Now, here is why separating pastors and elders is not practical, and a bad idea. You have men who are part of the local body of Christ under the leadership of the pastors. Then, from among the men, some are chosen as elders who are now given a position of authority over the pastors. What if one of the pastors had to correct the elder before he became an elder, when he was under the leadership of the pastor as a member of the local body? What if a pastor had to apply church discipline to that member who later becomes an elder? An elder has a sin nature just like all of us. What is going to keep that elder from taking revenge upon the pastor who used his God given authority to correct or discipline? We would hope that this “elder” would be mature enough in his walk with the Lord not to do this but, the Bible tells us not to give the devil a foothold. This form of government opens the door for the devil. Look at what the Apostle Paul shares with Timothy, a pastor in a local church.
1 I solemnly charge you in the presence of God and of Christ Jesus, who is to judge the living and the dead, and by His appearing and His kingdom:
2 preach the word; be ready in season and out of season; reprove, rebuke, exhort, with great patience and instruction.
3 For the time will come when they will not endure sound doctrine; but wanting to have their ears tickled, they will accumulate for themselves teachers in accordance to their own desires,
4 and will turn away their ears from the truth and will turn aside to myths. (II Timothy 4)
As a pastor, Timothy is to preach the Word. Part of preaching the Word involves to reprove (showing people where they are wrong). Another part of preaching the Word is rebuking (correcting) people. In an elder form of government where the elders come from among the body and have spiritual authority over the pastors, a pastor will always be hesitant to rebuke, correct, and apply church discipline because the person corrected may later become and elder and take revenge. Unfortunately, I have seen the bad side of this. Worse, I have experienced the ugly side of this.

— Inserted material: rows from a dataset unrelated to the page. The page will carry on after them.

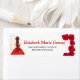 Celebrate your sweet 15 in style with these elegant custom return address labels. Featuring a stunning illustration of a girl in a red ball gown surrounded by red roses and gold glitter confetti, these labels are perfect for your Quinceañera invitations.
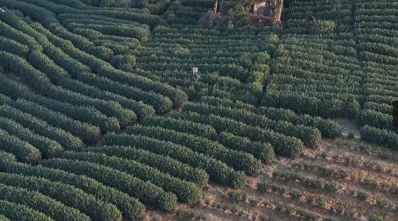 無(wú)人機(jī)正在茶園進(jìn)行凍害巡防作業(yè)。受訪者供圖。
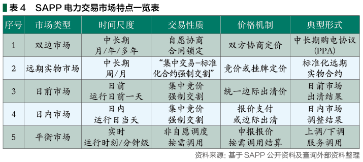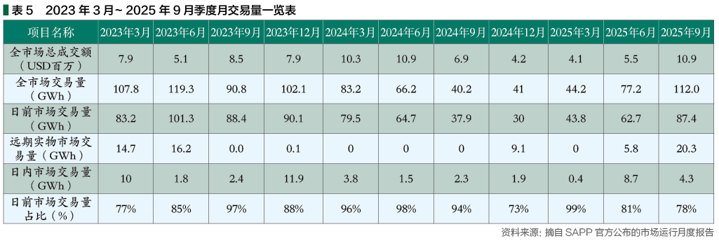 总体来看,双边市场为场外交易,场内交易则通过远期实物市场进行标准化集中交易,进而通过日前/日内市场计划内自愿竞价,最终通过实时平衡市场进行非自愿调整平衡,构成电力交易平台的完整时序链条。SAPP竞争性电力市场的建立是电力市场交易方式发展的一项重要成就,现行的日前市场(DAM)是竞争性市场的核心机制,也是主要的交易方式。从摘取的数据来看,日前市场(DAM)交易量占据全市场交易量主导地位(见表5)。

I experienced a member under my spiritual authority get raised to the position of elder, with spiritual authority over me. As soon as he was given spiritual authority over me, he began to make accusations, unsubstantiated accusations without witnesses. Because he was under my authority and then given authority over me, the devil took a foothold and created all kinds of problems.
One solution is to have all pastors in a church with an elder form of government be recognized as elders, like the Bible teaches and, have the elders be pastors (shepherds). This is consistent with Biblical teaching. When we distinguish between the function of elders and pastors, we have strayed from the Biblical model.